Wrong Time for Net Tax?

The Nasdaq is slumping, and Washington is getting worried. At a Senate hearing, politicos predict that permitting Internet sales taxes is one sure way to slam the brakes on the U.S. economy. By Declan McCullagh.

Foes of Internet taxes warned on Wednesday that attempts to levy fees on online purchases would cripple an already faltering U.S. economy.

"The plunge in the Nasdaq," said Sen. John McCain (R-Ariz.), "is a clear sign that we need to be mindful of the economic effects of our tax policy decisions as we move forward on this issue."

McCain, chairman of the Senate Commerce committee, said during a hearing that the Nasdaq's (Nasdaq Composite Index) dizzying descent -- it fell another 2 percent on Wednesday to close at 1,972 -- meant Congress should extend restrictions that bar state governments from levying taxes on some Internet transactions. The current moratorium expires this fall.

"Some dot-coms that were once the toast of Wall Street are now auctioning off the remains of their companies, and the imagined threat to traditional brick-and-mortar stores has all but disappeared," said Jane Swift, the lieutenant governor of Massachusetts, which is home to a clutch of tech firms near Boston. "It would be a mistake to drive remaining businesses out of business through added taxes we don't need."

Swift said that in her state, Internet sales have had a "nearly insignificant" impact on the revenues of traditional, meatspace retailers.

Groups like the National Association of Counties, the U.S. Conference of Mayors, and the National Governors Association (NGA), have lobbied the commission, advocating the implementation of Internet sales tax revenues.
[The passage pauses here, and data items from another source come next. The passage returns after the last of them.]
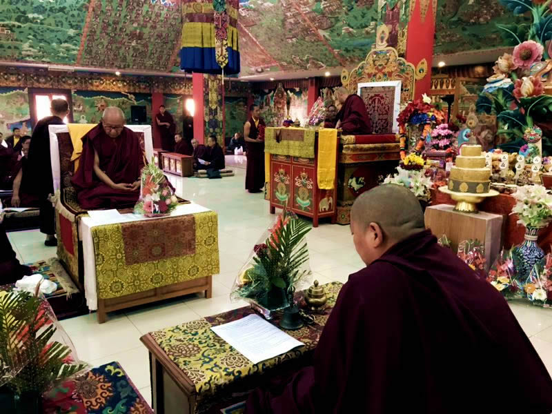On the 18th of February, the entire family and Mindrolling sangha members commemorated the 10th Parinirvana Anniversary of our peerless root guru, Kyabje Mindrolling Trichen Dorje Chang. The entire sangha came together to practice the profound sadhana of Minling Dorsem led by Venerable Dagpo Rinpoche and Minling Umdze Venerable Choktrul Jigdral Ngawang Kunga Rinpoche. The ceremony was attended by Minling Sangyum Kushog, Jetsün Khandro Rinpoche, Jetsunla, Dungse Rinpoche, Jetsün Rinpoche, Venerable Nyoshul Khenpo Yangsi Rinpoche, monks, nuns and lay practitioners. Members of the Mindrolling sangha in Virginia, New York City and Taiwan also gathered to commemorate the parinirvana of Kyabje Mindrolling Trichen making vast offerings and prayers.
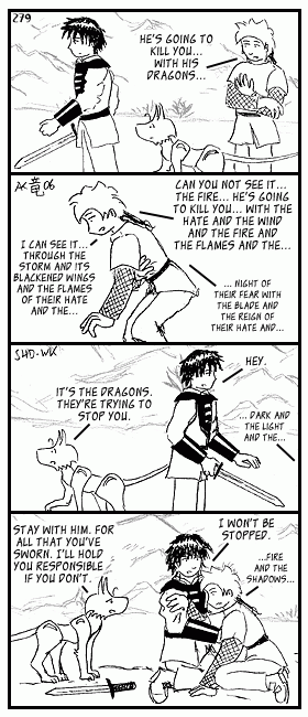 Lots of little things wrong with this one. I hate Roland in panel 3, I really should redo it. But the overall effect is good enough, maybe. Maybe... I'm really getting worried about this storyline (and future ones). My mediocre abilities really don't come close to the pictures in my head...
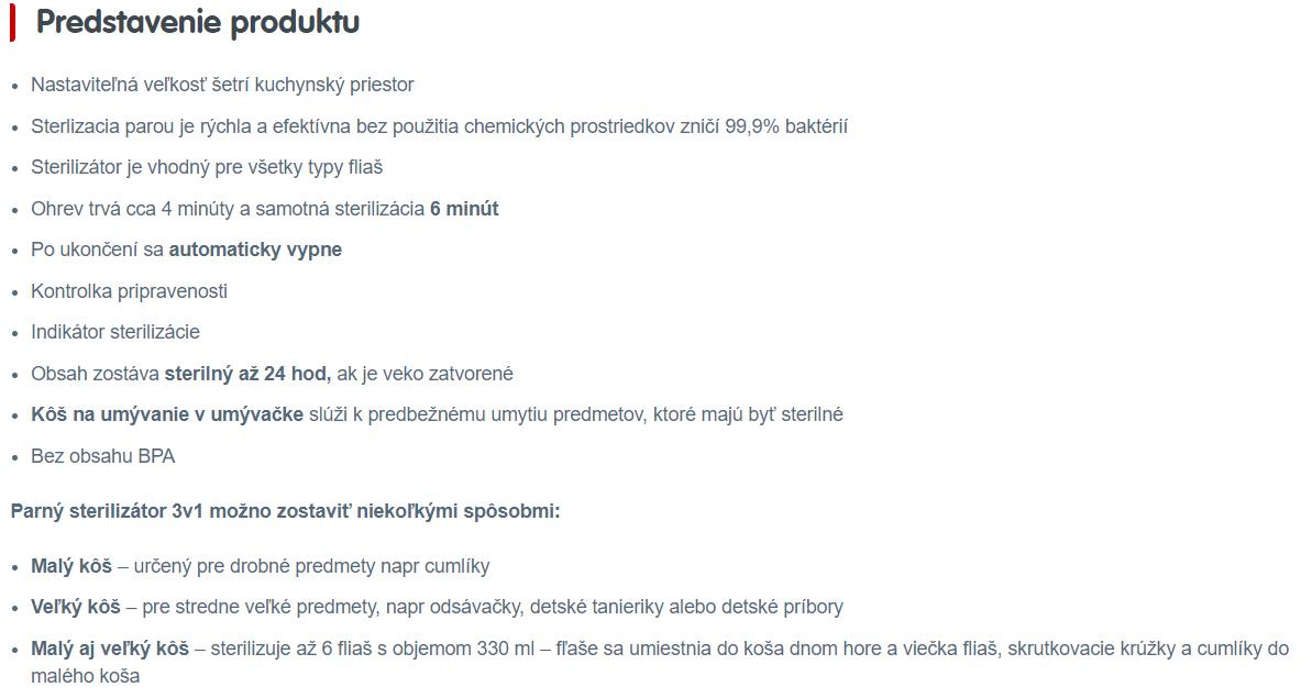Potreby pre dojčatá / Sterilizátory, príprava stravy
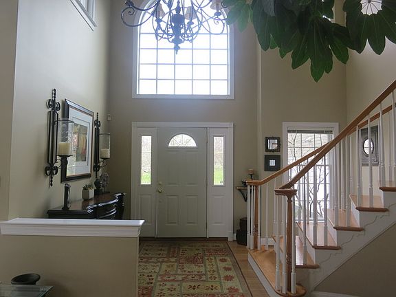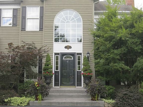 This elegant 4 bedroom, 4 and 2-half bath colonial home boasts over $200K in upgrades, including the spectacular landscaping of the backyard and pool area. Situated on a coveted outside lot, this yard is a private treed haven, with a salt-water pool surrounded by a large patio, lush English gardens, a partially covered wood deck and a hot tub. The main floor features a bright open two-story living room with elegant circular staircase. The formal dining room features a chair rail, crown molding and two lovely bay windows. The family room has a raised brick fireplace, and back staircase to the second floor. Wall-to-wall adjoining glass-paned doors open to the covered deck, with steps down to the patio and pool area. Overlooking the family room, the kitchen has granite countertops, a center island with premium cooktop, and a delightful breakfast area with its own bay. A back hall leads to a study and bedroom with full ensuite bath and walk-in closet. Stairs from the hallway lead down to the fully finished basement, complete with gas fireplace, half bathroom, built in cabinetry, pool table area, and a bright workout room with walk-in closet. The second floor offers the master bedroom suite with sitting room, and newly renovated bathroom with beautiful finishes and heated floor. There is spacious laundry room, and two other bedrooms, each boasting a full bath. Lovely and unique. Turn key beauty. Move right in!
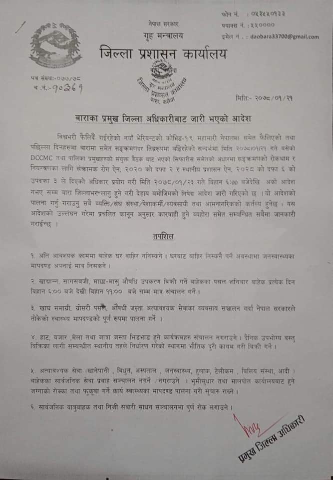 डिसिसिएमसि र पालिका प्रमुखहरुको बैठकले गरेको सिफारिसको आधारमा जिल्ला प्रशासन कार्यालय बाराले बनाएको नया नियम २३ गते बिहान ६ बजेदेखि लागुहुने प्रमुख जिल्ला अधिकारी सुरेन्द्र पौडेलले जानकारी दिनुभयो । अर्को आदेश नभएसम्मका लागी लागु गरिएको नियम पालना नगरे कानुन अनुसार कारर्वाही गरिने उहाले बताउनुभयो ।
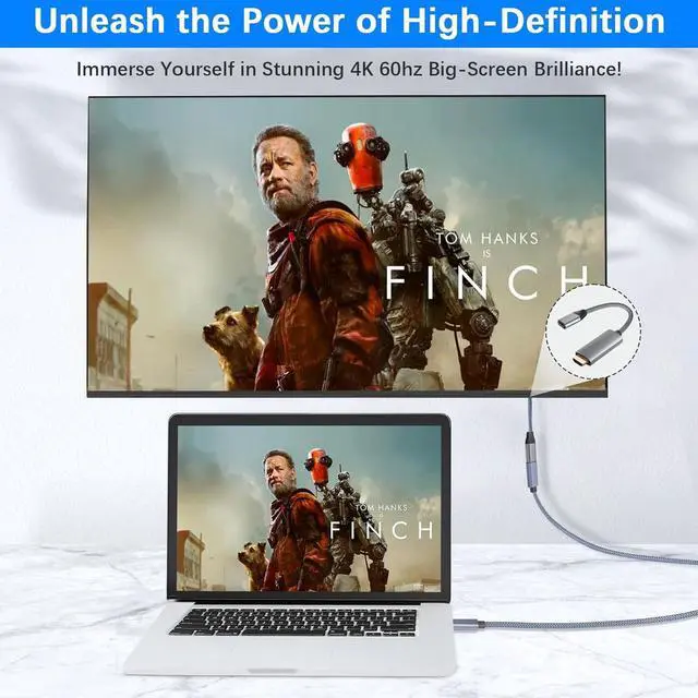 Equipped with an HDMI end and a USBC port this converter makes it possible to use your USBC port to export signals to a device it originally cannot connect to. (Extra Length Added to Your Strength) A few inches can go a long way. With a length of mere 8.5 inches this uniquely conceptualized converter can let 4K HD resolution content pass through it with minimum signal loss and provide steady connection to high-end monitors that feature up to 4K resolution and 60 Hz refresh rate. (Free Yourself by Attaching More) Free your eyes from the confines of a tiny screen and give it the feast it deserves on a large display.
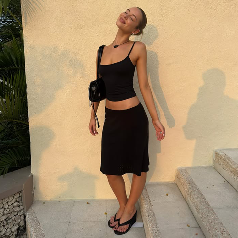 纯色基础款吊带背心+鱼尾半身裙两件套2025夏季穿搭辣妹休闲套装
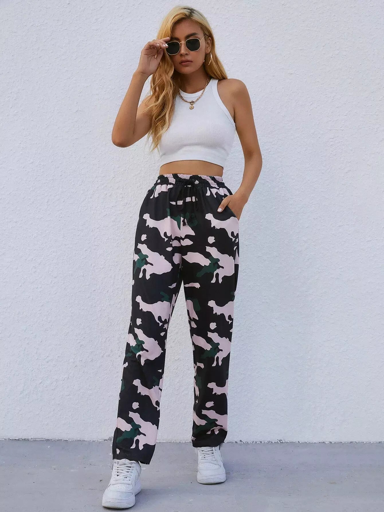 بنطال رياضي بخصر مطاطي بطبعة كامو
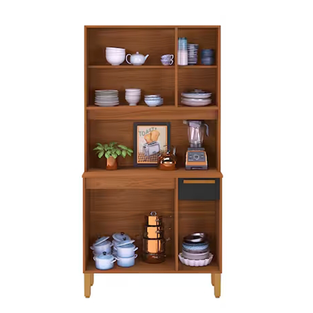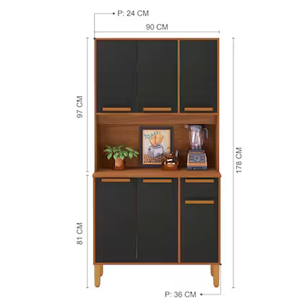 Kit Cozinha Compacta Indekes Lagos 6 Portas e 1 Gaveta MDP 90,6cm de Largura Freijó Chumbo
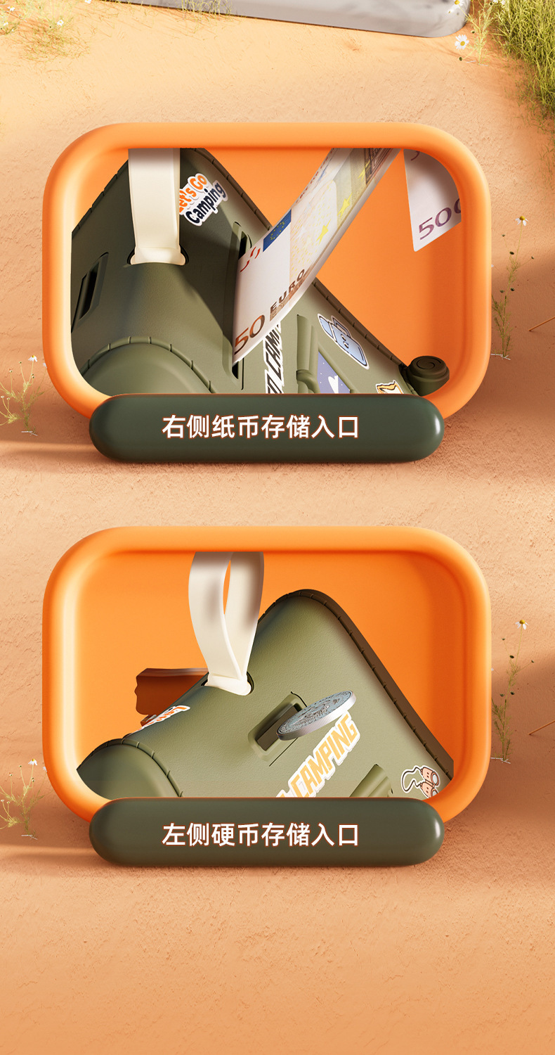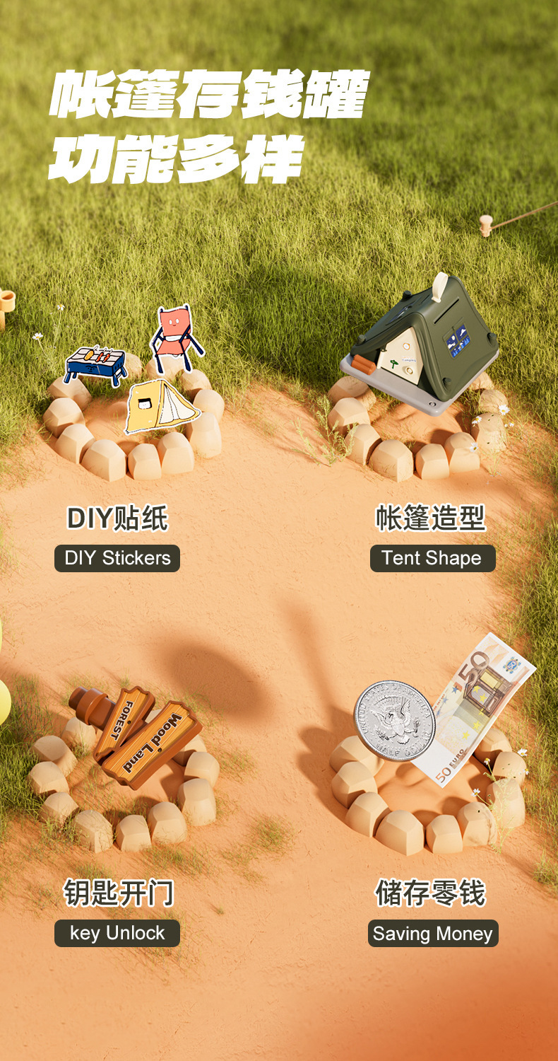 green tent coin bank [color box-with theme stickers]]

Jim Geringer, the Republican governor of Wyoming and an NGA representative, told the committee that "the argument that Internet-based fledgling businesses need to be nurtured is not a relevant argument. Electronic commerce has become a mature and important part of the U.S. and international economy."

Geringer said that if Congress extends the tax moratorium, it should also allow states that simplify their tax systems to require remote sellers -- such as Amazon (AMZN) or Lands End -- to charge taxes. Business advocates in the past have pointed to the dizzying number of different rules while arguing they should not have to collect taxes on shipments leaving their state.
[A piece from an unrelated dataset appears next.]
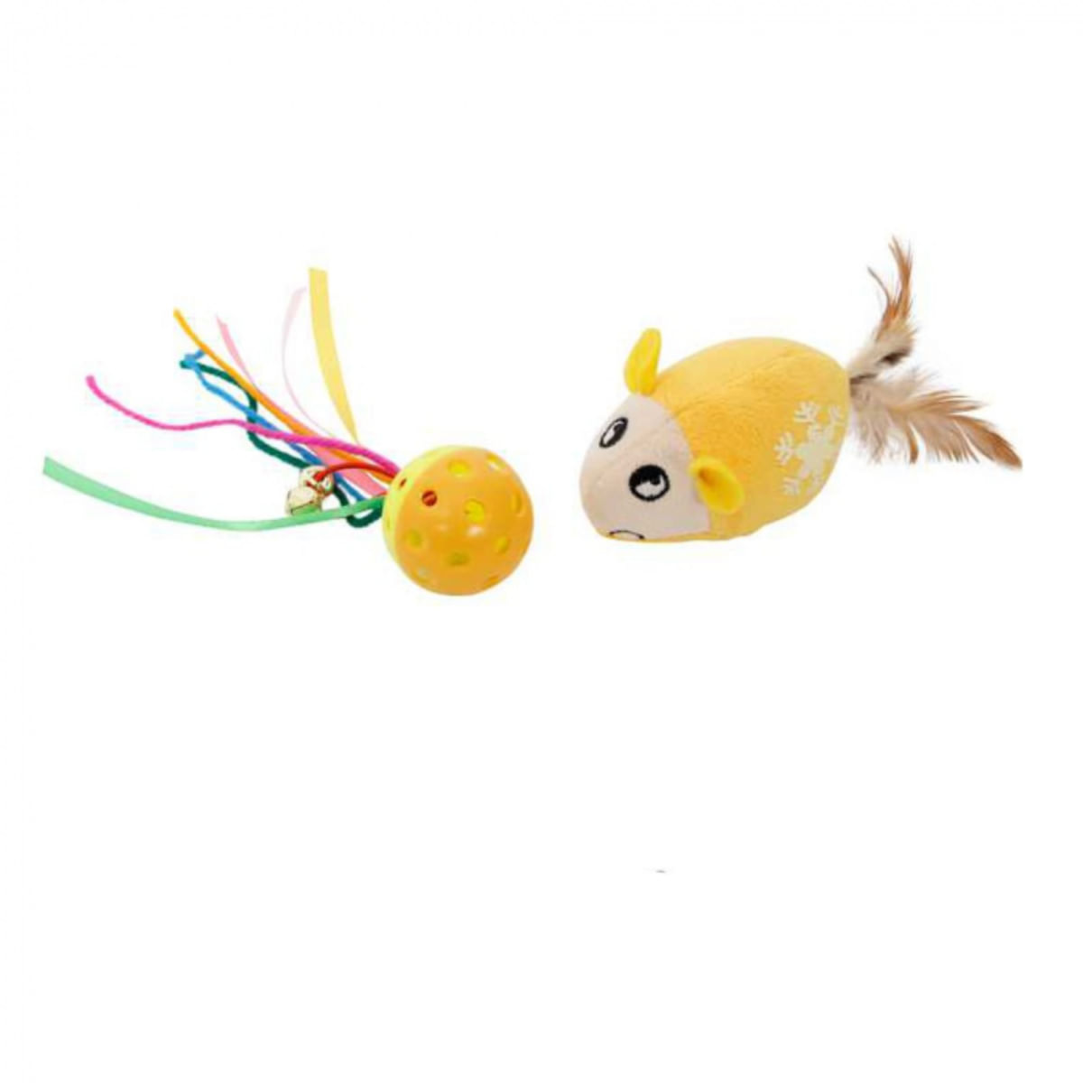 MON PETIT AMI Set Soricel si Bilă, jucărie stimulare pândă pisici, textil, galben, 2buc MON PETIT AMI Set Soricel si Bila, jucărie stimulare pândă pisici, textil, galben, 2buc
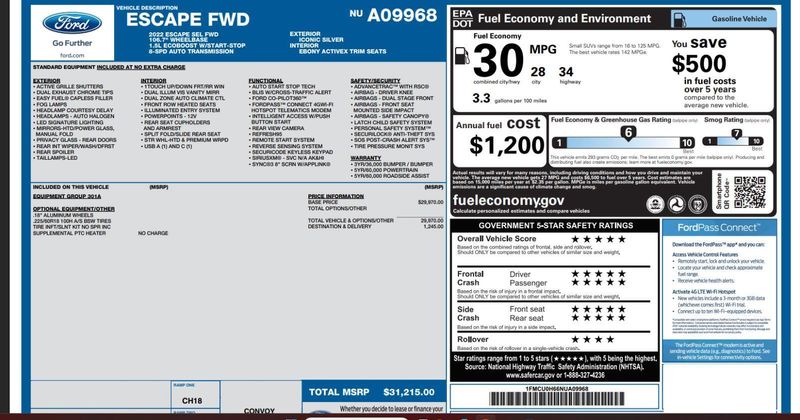 ENGINE: 1.5L ECOBOOST, EQUIPMENT GROUP 301A, EBONY, FRONT WHEEL DRIVE, HEATED ACTIVEX TRIMMED FRONT SPORT CONTOUR BUCKET SEATS, TECHNOLOGY PACKAGE

The vast majority of states rely heavily on sales taxes for revenue, Geringer said, and thus face daunting losses from online commerce, possibly threatening the quality of local government services.

"Tax policy should not play favorites, whether between and among states or between and among economic activities," Geringer said. "Education, health and public safety issues should not be put at risk."
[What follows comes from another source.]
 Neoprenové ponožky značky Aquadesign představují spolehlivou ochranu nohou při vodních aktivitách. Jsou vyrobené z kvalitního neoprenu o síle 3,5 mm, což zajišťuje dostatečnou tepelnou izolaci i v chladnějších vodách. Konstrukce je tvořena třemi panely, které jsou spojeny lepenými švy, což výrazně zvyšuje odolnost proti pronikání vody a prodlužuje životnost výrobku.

By the end of the hearing, it seemed more likely than not that Congress would approve some extension of the moratorium -- the only question left was what form it would take.

Even Peter Lowy of the e-Fairness Coalition, which represents traditional retailers, allowed that the moratorium should continue while states simplify their tax systems. That is, as long as states eventually gained the ability to tax.

"Requiring brick-and-mortar retailers to collect sales taxes while exempting their online competitors is fundamentally unfair," Lowy said.

Lowy said his coalition supported S.521, the Internet Tax Moratorium and Equity Act, introduced last week. Other bills currently pending would only extend the moratorium.

But some tax opponents doubt that such a simplification of the state tax system is even possible. Jeff Dircksen, testifying for the National Taxpayers Union, predicted that state and local governments could not reasonably sort out the issues involved in taxing e-commerce.

Pointing out that there are over 7,000 government entities -- states, cities, counties and other jurisdictions -- that impose sales or use taxes, Dircksen said: "The ensuing debate among these entities will make past attempts by the European Union to set standards for what constitutes marmalade, mayonnaise, or a cucumber seem like a pleasant tea party in comparison."

Dircksen also talked about the stock market slump: "In the last 12 months, the Nasdaq has fallen nearly 60 percent. The last thing that a slumping technology sector needs is higher taxes on the industry and its consumers."

In November 1999, the NGA proposed a plan designed to prompt online companies to charge sales taxes on a voluntary basis. A high-profile commission created by Congress deadlocked in its final report published in April 2000.

Ryan Sager in Washington contributed to this report.